If the iPhone shows us one thing it's that no matter how crap something is, Apple can market it well.
Regardless of that however, there's still the more blatant issue of the problem with proprietary browsers and platforms that actually prevent widespread adoption of web applications. We still have no agreed standard on what access to hardware a web application should have, if it's limited some applications wont work, if it's open you have a security risk. Web applications developers also already face the issue of non-standards compliant browsers and everyone's to blame there including Microsoft with IE, Mozilla with Firefox and Apple with Safari - none of them correctly implement the various web standards and a proprietary platform and browser only increases that problem. So even if we are going towards the whole web applications route with mobile devices an open platform and open standards shared by all device manufacturers is still the way to go - if only for the sanity of web applications developers such that they don't have to write!

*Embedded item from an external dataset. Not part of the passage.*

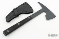 This Little Bird 2015 Batch A by RMJ Tactical features a 3" cutting edge and a 3" spike. Made from a single piece of .285" 4140 steel. The handle has textured black G-10 scales. Well balanced, excellent feel in hand. Comes with kydex sheath. Has a couple light scuffs, excellent condition otherwise.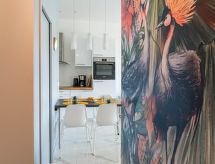 Flerfamiliehus "Haliotis", på 3 etager. I bymidten fra Lacanau-Océan, 100 m fra havet, 100 m fra stranden. Parkeringsplads. Indkøbsforretning 50 m, supermarked 300 m, restaurant 10 m, bageri 50 m, cykeludlejning 300 m, sandstrand 100 m. Golfbane 4 km, tennis 4 km, ridehal 4 km. Nærliggende attraktioner: Bordeaux 60 km, Dune du pyla 70 km, Saint Emilion 80 km.Interior

The point is, the more we move to web applications the more the browser and OS are tied together or at least forced to communicate so that the browser can do the things it needs to do to be able to support as wide a range of web applications as we have standard applications.
Finally, It's also worth noting that some applications certainly wont even work over the web, specifically applications that have to shift large amounts of rapidly changing data such that a networking connection can't handle the amount of resources shifting back and forth - many modern games for example. All these are reasons why an open OS is still important - to ensure standardisation across the industry so you can be sure your applications be they web or normal are accessible on whichever mobile device you use.